- Born: Cheshire
- Died: 22 October 2022 Edinburgh
- Occupation(s): sociologist, professor of nursing, researcher, academic author and campaigner for ethics in healthcare
- Employer: University of Edinburgh

= Kath M. Melia =

Academic with interest in ethics in nursing and healthcare

Kath M. Melia (died 25 October 2022) was a sociologist, professor of nursing, researcher, academic author and campaigner for ethics in healthcare.

== Career ==
Melia was born in Cheshire, the middle of three sisters. She undertook her undergraduate studies to obtain a BA (Hons) in nursing at Manchester University. She worked in intensive and coronary care. In 1975, she moved to take a PhD at the University of Edinburgh Nursing Research Unit, where she later became lecturer and eventually in 1996 a professor of Nursing Studies. She was the first head of the School of Nursing and Social science for five years, and retired when she had served for 40 years as a lecturer, researcher and then professor. Melia won research funding at a time when few grants were made to nurses, and this included Leverhulme Trust researching nursing ethics in the USA (New York and San Francisco) and an ESRC programme studying 'Nursing in the new NHS'. As Head of the School, Melia led a £2.5m joint bid with Queen Margaret University and Edinburgh Napier University to create a centre for integrated healthcare research which in turn developed into UK-wide Clinical Academic Careers for Nurses, Midwives and Allied Health Professionals.

Melia was visiting scholar to numerous universities including; University of Alberta, University of Vancouver, UCSF (School of Nursing), International Scholar – Hastings Center, New York, Centre for Biomedical Ethics, National University of Singapore, King Edward Memorial Hospital and University of Western Australia, Perth, Institute of Bioethics, University of Monash, Melbourne, University of Navarra Pamplona, Spain, Visiting Professor University College Dublin, and the Swedish School of Nursing, Helsinki, University of Turku, Finland.
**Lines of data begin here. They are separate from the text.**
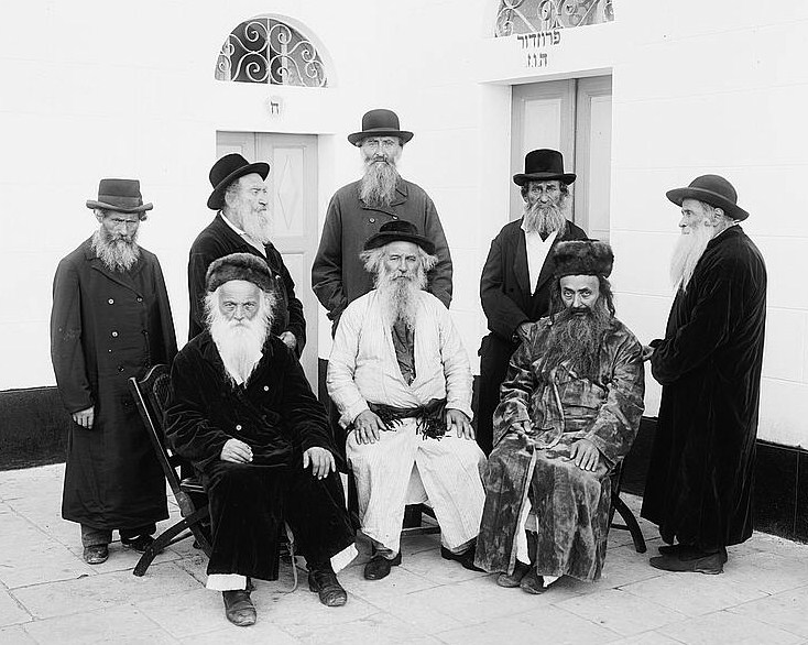 Group of old Jewish men in Jerusalem — approximately 1900 to 1920. During either Ottoman Palestine era (c. 1870s - 1920), or the British Mandate of Palestine (1920–1948). Costumes, characters, etc.
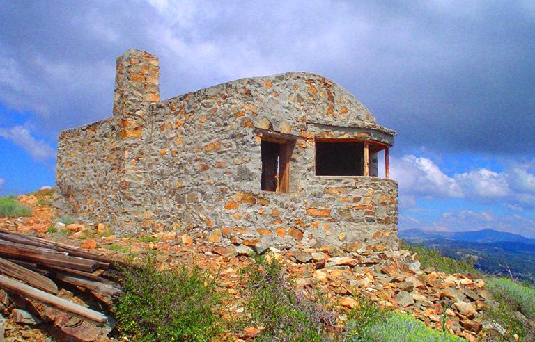 The Southern Pacific Railroad's stone fire lookout station on Red Mountain above Cisco, CA, built in 1909. Lookouts were stationed in this location from 1876 until it was abandoned in 1934 to watch for fires in the wooden snowsheds covering the CPRR/SPRR Sierra grade tracks between Blue Cañon and Donner Pass.
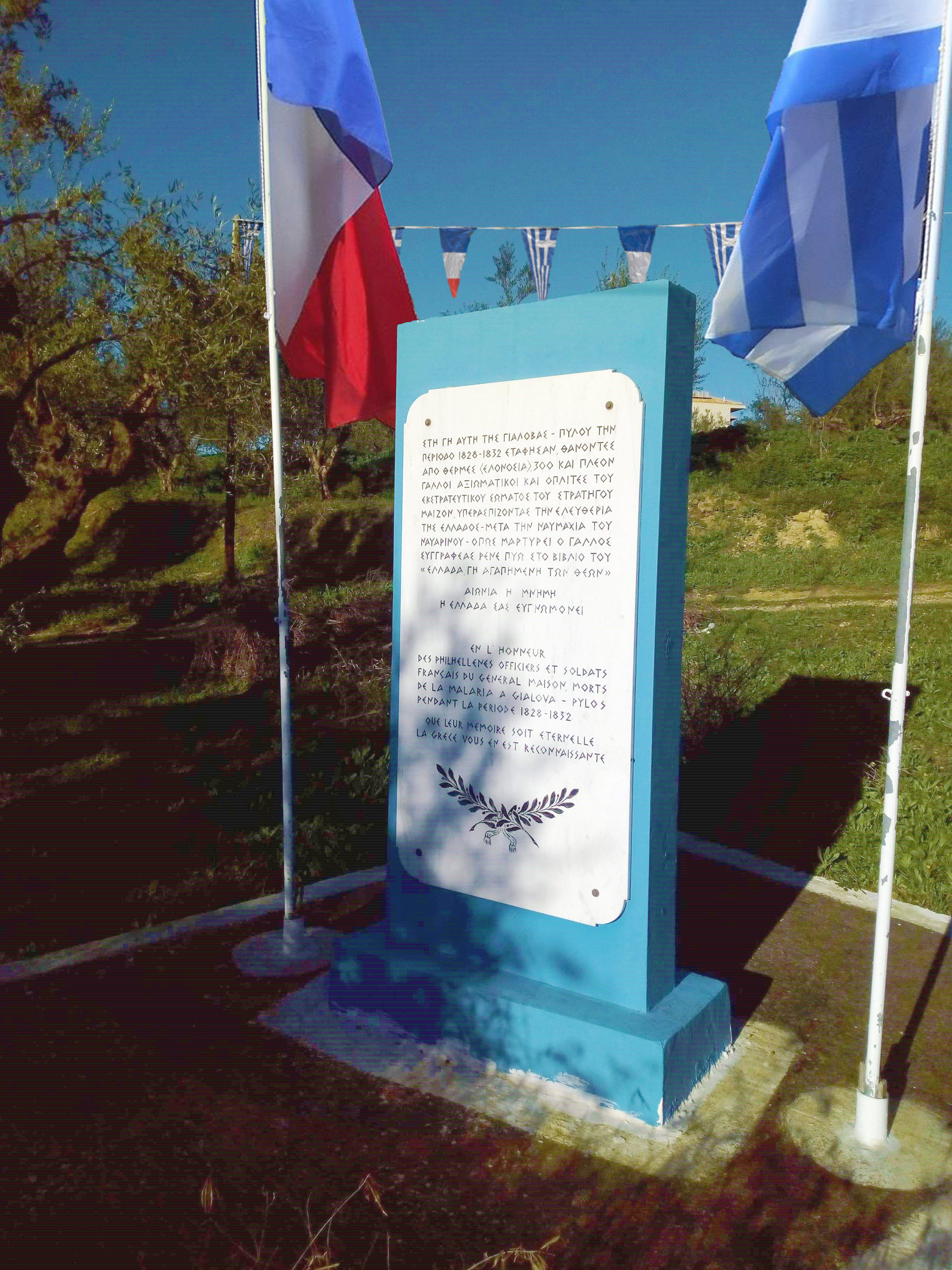 Memorial for the French officers and soldiers of the Morea expedition fallen at Gialova, Messinia, Greece, in 1828-1832. It was inaugurated on 19 October 2007 by the Ambassador of France in Greece Christophe Farnaud, the Mayor of Pylos Georgios D. Chronopoulos and the General Secretary of the Cultural Association of Pylos «ΤΟ ΝΑΥΑΡΙΝΟ» Georgios D. Poulopoulos Engraved in Greek: Στη γη αυτή της Γιάλοβας Πύλου την περίοδο 1828-1832 έφτασαν θανόντες από θέρμες (ελονοσία) 300 και πλέον Γάλλοι αξιωματικοί και οπλίτες του εκστρατευτικού σώματος του Στρατηγού Μαιζών υπερασπίζοντας την ελευθερία της Ελλάδος - μετά την Ναυμαχία του Ναβαρίνου - όπως μαρτυρεί ο Γάλλος συγγραφέας Ρενέ Πυώ στο βιβλίο του «Ελλάδα γη αγαπημένη των θεών». Αἰωνία ἡ μνήμη. Η Ελλάδα σας ευγνωμονεί. Engraved in
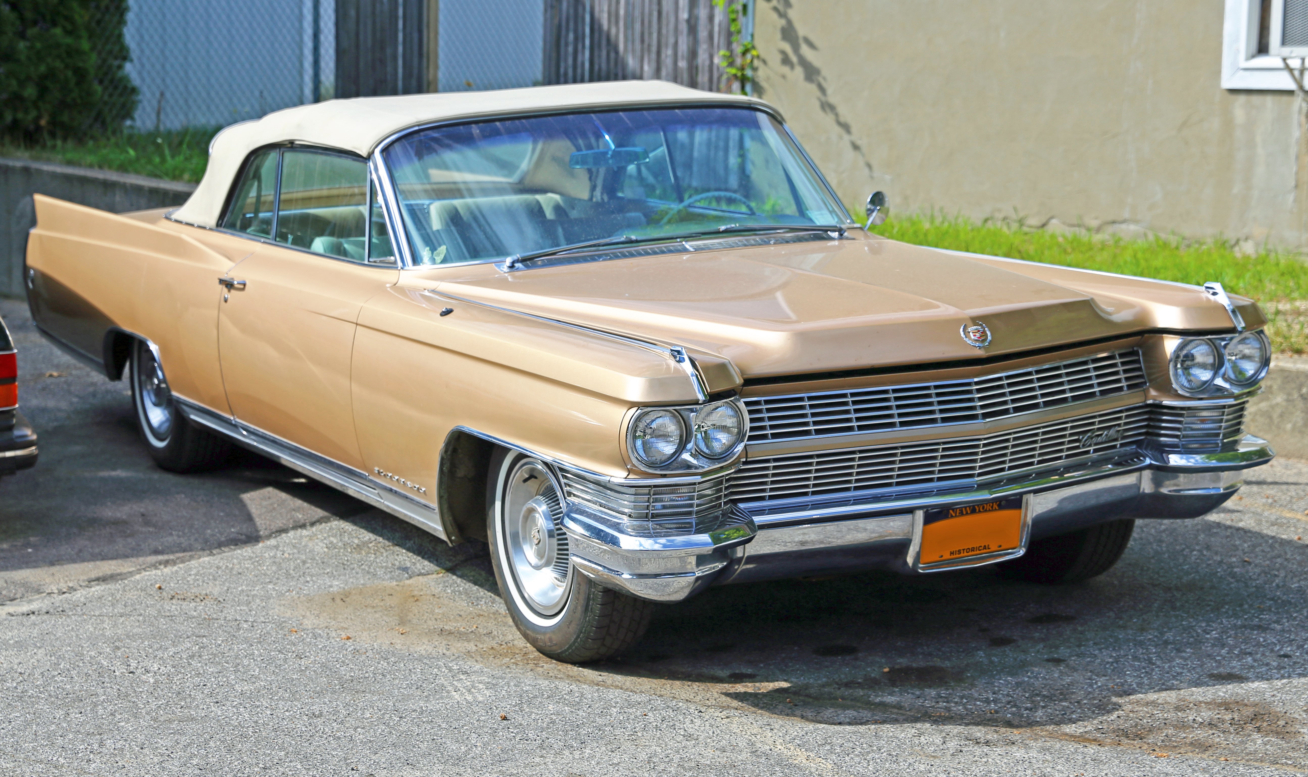 1964 Cadillac Eldorado Biarritz Convertible (model 6367), top up.

She was an External Examiner to the Universities of Manchester, Nottingham, Liverpool, King's College London, University of Wales, City University London, University of Tromsø. She supervised in excess of 30 PhD students and was a member of Editorial Boards of the Journal of Sociology of Health and Illness (1985–1989), Qualitative Health Research (1990–1994), Social Sciences in Health: International Journal of Research and Practice (1994–1997).

== Writing ==
Melia's writing about nursing and ethics including in an intensive care context became a part of the nurse education curriculum. She also had identified the stages in the socialisation of nurse students as 'fitting in; learning the rules; getting the work done; and passing through'. She questioned the merits of qualitative research interviews, and the ongoing 'paternalistic' relationship between doctors and nurses, and dissonance between theory and practice.

Her work continued the thinking of Glaser and Strauss on Grounded Theory (1987) which challenged received wisdom in the scientific community. Her own research on 'Learning and Working' was published during that time, when there were serious nurse staff resource shortages in the UK, and the changes of nurse education from hospital based (student as worker) into a tertiary education and academic pathway was being progressed, when routine care may have been seen as menial work. She also studied drop-out from nurse education in China, later.

Her approach to practical ethics for nurse education is now in its 5th edition. Melia attracted criticism from some, for example when she wrote in the Journal of Sociology of Health and Illness, a Review Essay: Imperialism, paternalism and the writing of introductory texts in Medical Sociology.

Her introductory text book on nursing and ethics is still regarded as relevant to UK, German and Irish nursing and healthcare education.

Melia retired in 2015, and became professor emerita.

== Death and legacy ==
She died on 22 October 2022 in Edinburgh, leaving a legacy to the Institute for Regeneration and Repair (IRR) which is interdisciplinary across stem cell biology, tissue and inflammation research. She said in 2019, the work of IRR will revolutionise the nature of the treatment of patients with injured hearts.